● **The problem**
Your answer should hold exactly the lines below from the line with "Збройних сил України." through the line with "Great Place To Work®", both included, and no pictures at all.

● **Input material**
------------------------------------

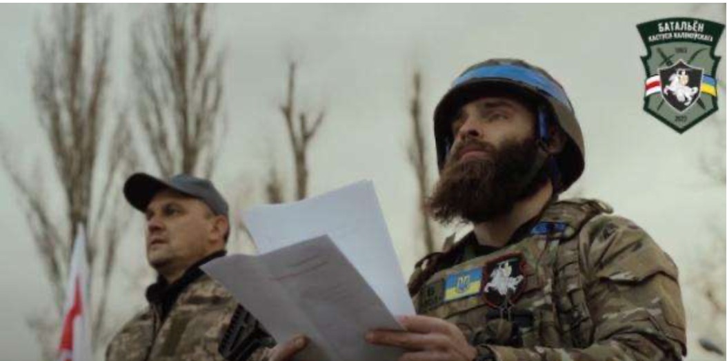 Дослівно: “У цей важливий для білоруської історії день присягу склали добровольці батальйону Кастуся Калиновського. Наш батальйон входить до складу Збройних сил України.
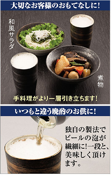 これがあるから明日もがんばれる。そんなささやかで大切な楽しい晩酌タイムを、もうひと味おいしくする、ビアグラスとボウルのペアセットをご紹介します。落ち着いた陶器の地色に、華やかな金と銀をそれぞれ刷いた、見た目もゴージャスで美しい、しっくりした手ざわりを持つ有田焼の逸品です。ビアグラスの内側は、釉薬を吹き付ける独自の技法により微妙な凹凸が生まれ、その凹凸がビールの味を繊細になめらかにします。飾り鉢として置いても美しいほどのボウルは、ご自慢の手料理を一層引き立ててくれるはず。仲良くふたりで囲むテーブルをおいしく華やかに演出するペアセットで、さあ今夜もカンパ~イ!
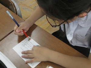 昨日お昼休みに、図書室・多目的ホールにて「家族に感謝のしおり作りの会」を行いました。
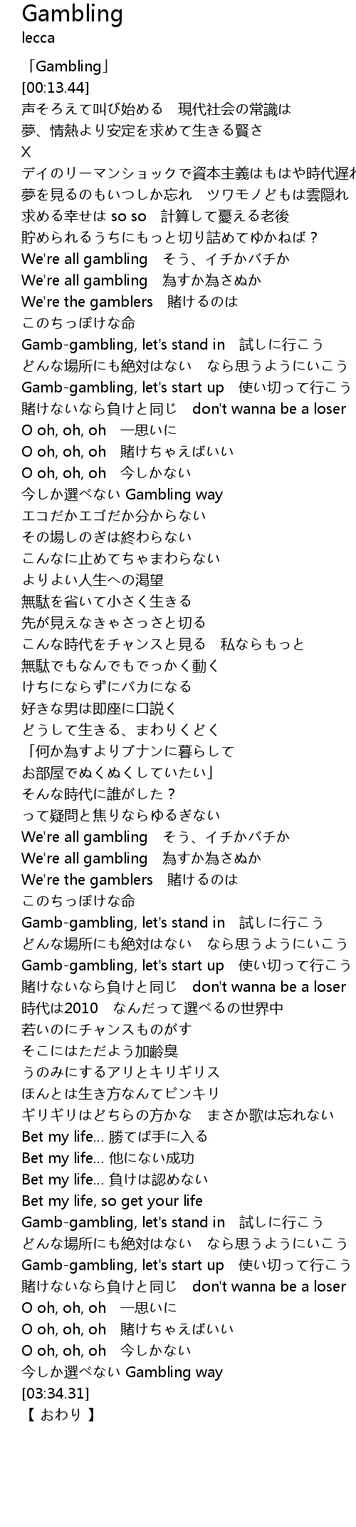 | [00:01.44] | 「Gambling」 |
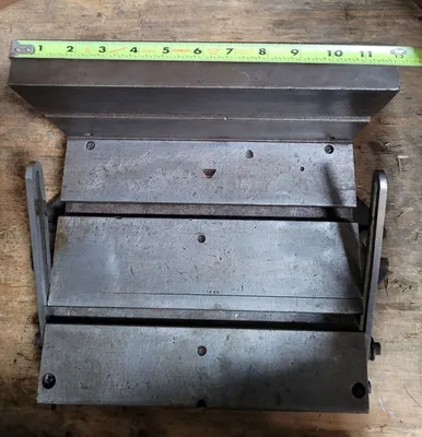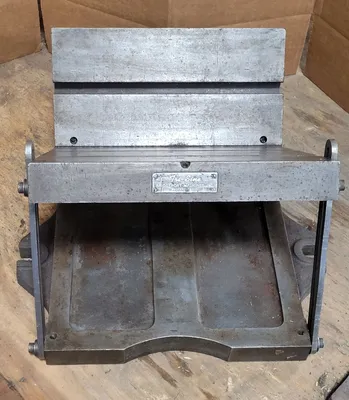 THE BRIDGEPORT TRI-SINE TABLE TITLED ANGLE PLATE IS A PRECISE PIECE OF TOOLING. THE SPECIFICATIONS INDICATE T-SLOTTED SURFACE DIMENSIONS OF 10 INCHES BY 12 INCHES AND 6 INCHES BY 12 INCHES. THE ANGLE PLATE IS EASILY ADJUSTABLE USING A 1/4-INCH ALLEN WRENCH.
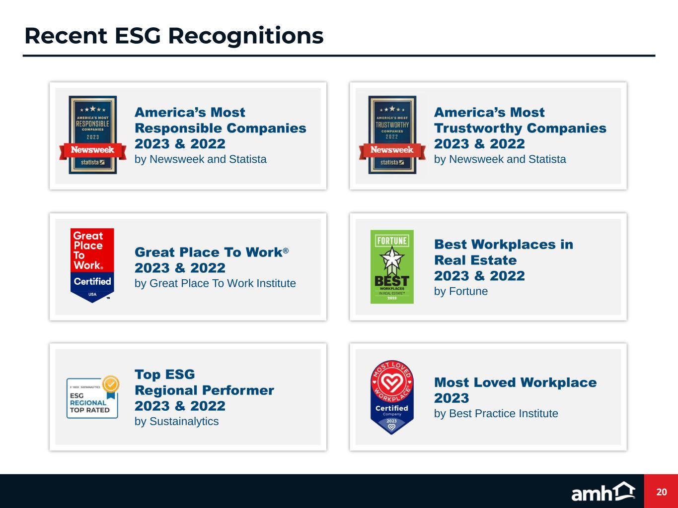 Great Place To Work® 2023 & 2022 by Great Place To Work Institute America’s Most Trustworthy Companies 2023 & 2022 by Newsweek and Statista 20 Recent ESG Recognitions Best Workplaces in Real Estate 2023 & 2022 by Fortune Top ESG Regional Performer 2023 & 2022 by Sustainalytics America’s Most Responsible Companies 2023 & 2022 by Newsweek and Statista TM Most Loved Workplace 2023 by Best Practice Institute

------------------------------------

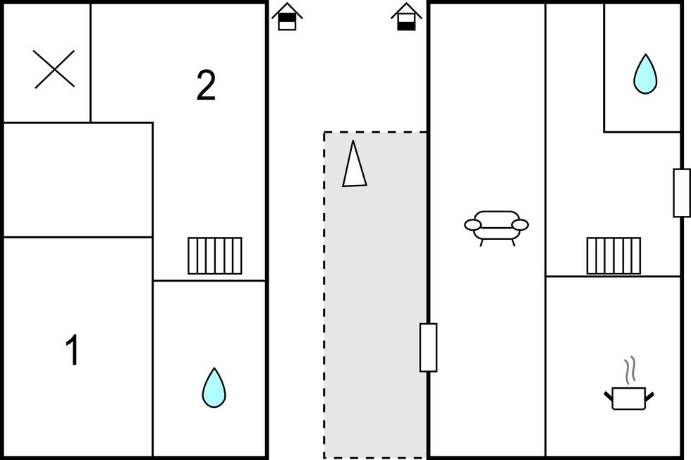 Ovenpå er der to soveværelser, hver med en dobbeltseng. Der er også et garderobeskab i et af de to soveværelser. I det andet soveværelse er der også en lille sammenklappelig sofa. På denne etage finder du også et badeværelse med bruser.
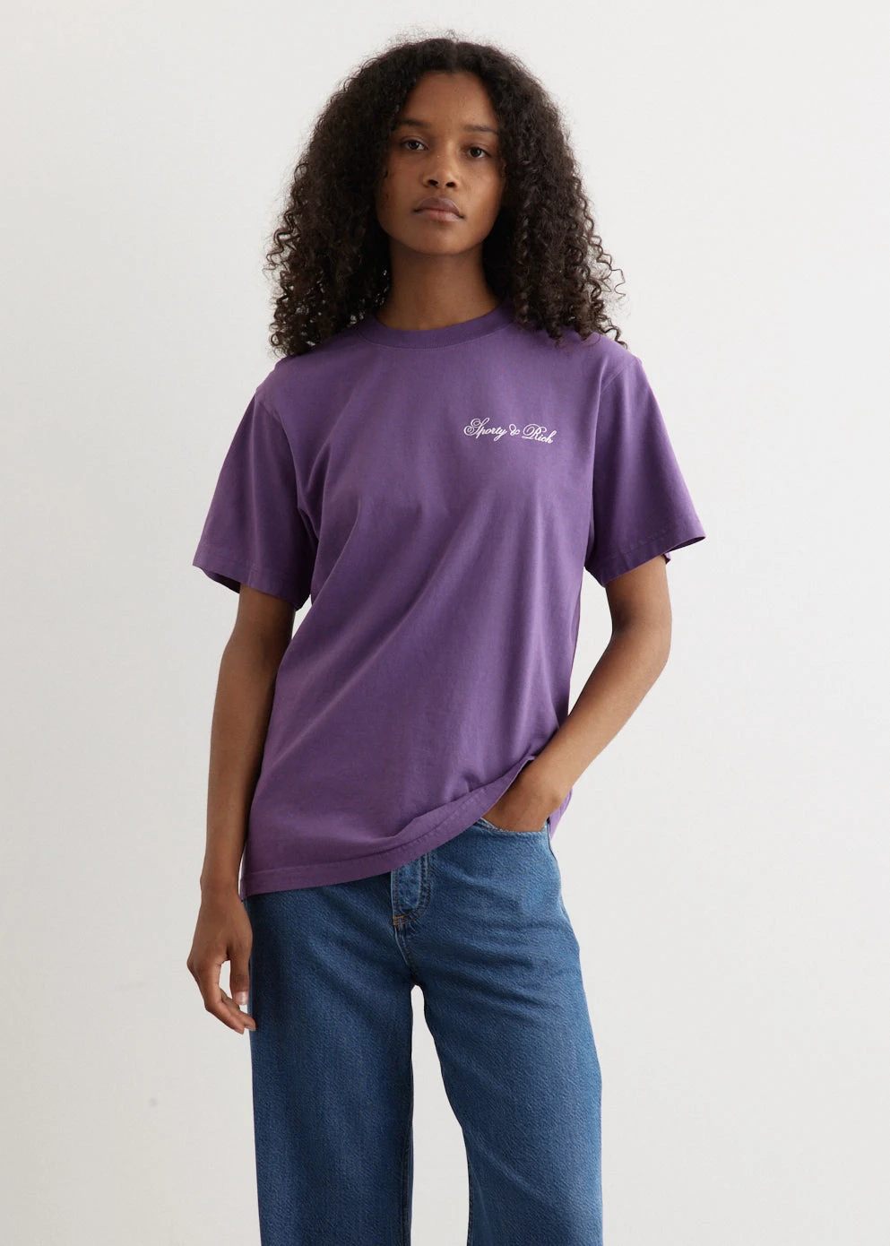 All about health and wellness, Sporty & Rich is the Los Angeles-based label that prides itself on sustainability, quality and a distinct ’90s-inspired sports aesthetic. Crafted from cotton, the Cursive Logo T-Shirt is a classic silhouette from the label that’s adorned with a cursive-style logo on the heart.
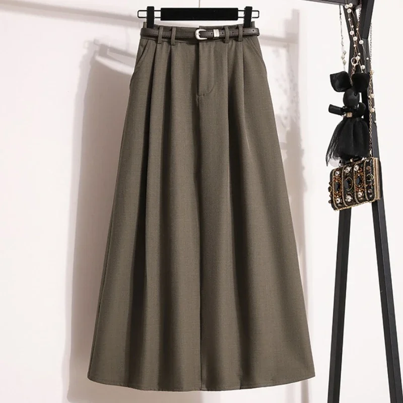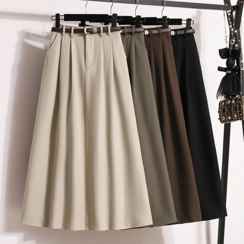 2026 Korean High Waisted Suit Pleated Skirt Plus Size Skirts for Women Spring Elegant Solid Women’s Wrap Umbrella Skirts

------------------------------------

● **Result for this task**
 Дослівно: “У цей важливий для білоруської історії день присягу склали добровольці батальйону Кастуся Калиновського. Наш батальйон входить до складу Збройних сил України.
 これがあるから明日もがんばれる。そんなささやかで大切な楽しい晩酌タイムを、もうひと味おいしくする、ビアグラスとボウルのペアセットをご紹介します。落ち着いた陶器の地色に、華やかな金と銀をそれぞれ刷いた、見た目もゴージャスで美しい、しっくりした手ざわりを持つ有田焼の逸品です。ビアグラスの内側は、釉薬を吹き付ける独自の技法により微妙な凹凸が生まれ、その凹凸がビールの味を繊細になめらかにします。飾り鉢として置いても美しいほどのボウルは、ご自慢の手料理を一層引き立ててくれるはず。仲良くふたりで囲むテーブルをおいしく華やかに演出するペアセットで、さあ今夜もカンパ~イ!
 昨日お昼休みに、図書室・多目的ホールにて「家族に感謝のしおり作りの会」を行いました。
 | [00:01.44] | 「Gambling」 |
 THE BRIDGEPORT TRI-SINE TABLE TITLED ANGLE PLATE IS A PRECISE PIECE OF TOOLING. THE SPECIFICATIONS INDICATE T-SLOTTED SURFACE DIMENSIONS OF 10 INCHES BY 12 INCHES AND 6 INCHES BY 12 INCHES. THE ANGLE PLATE IS EASILY ADJUSTABLE USING A 1/4-INCH ALLEN WRENCH.
 Great Place To Work® 2023 & 2022 by Great Place To Work Institute America’s Most Trustworthy Companies 2023 & 2022 by Newsweek and Statista 20 Recent ESG Recognitions Best Workplaces in Real Estate 2023 & 2022 by Fortune Top ESG Regional Performer 2023 & 2022 by Sustainalytics America’s Most Responsible Companies 2023 & 2022 by Newsweek and Statista TM Most Loved Workplace 2023 by Best Practice Institute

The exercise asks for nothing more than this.